Il s’est murmuré que le film a failli remporter la Palme d’Or… Gomorra est finalement reparti avec le Grand Prix du Jury – reconnaissance amplement méritée, preuve du retour en force du cinéma italien. Le film renoue en effet avec un cinéma nourri au réel, qui s’empare de sujets sensibles et qui a donné parmi le meilleur des œuvres transalpines. Mené par une nouvelle génération de réalisateurs, accueilli triomphalement par une tout aussi nouvelle génération de spectateurs, ce cinéma est particulièrement prometteur.

Le film est l’adaptation du livre éponyme du jeune écrivain napolitain Roberto Saviano. Sorti il y a deux ans, ce livre fleuve, tout autant roman qu’enquête sociologique et policière, parti sur les traces des milieux criminels de Naples et de ses environs, a connu un immense succès en Italie, et vaut aujourd’hui à son auteur une protection rapprochée.

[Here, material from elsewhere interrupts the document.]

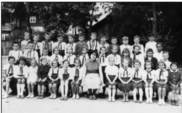
Tretiaci B triedy na dvore starej školy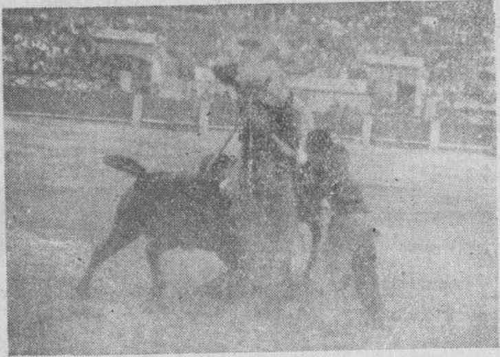
Un momento de la brava pelea de 'Sortijero'

Matteo Garrone, réalisateur encore peu connu en France, s’est chargé d’en faire un récit pour le grand écran ; aidé de plusieurs scénaristes dont Saviano lui-même, il en a tiré une fresque ambitieuse, de plus de deux heures.

Le film traite de la fameuse camorra, branche napolitaine de la mafia du sud de l’Italie, de sa recherche de pouvoir et d’argent dans l’empire économique qu’elle a tissé jusqu’au niveau international, et de son rêve de domination. Il reprend le titre même du livre, métaphore qui renvoie à Gomorrhe, cité biblique détruite par Dieu à cause des moeurs dévoyées de ses habitants, incarnation du mal sur terre.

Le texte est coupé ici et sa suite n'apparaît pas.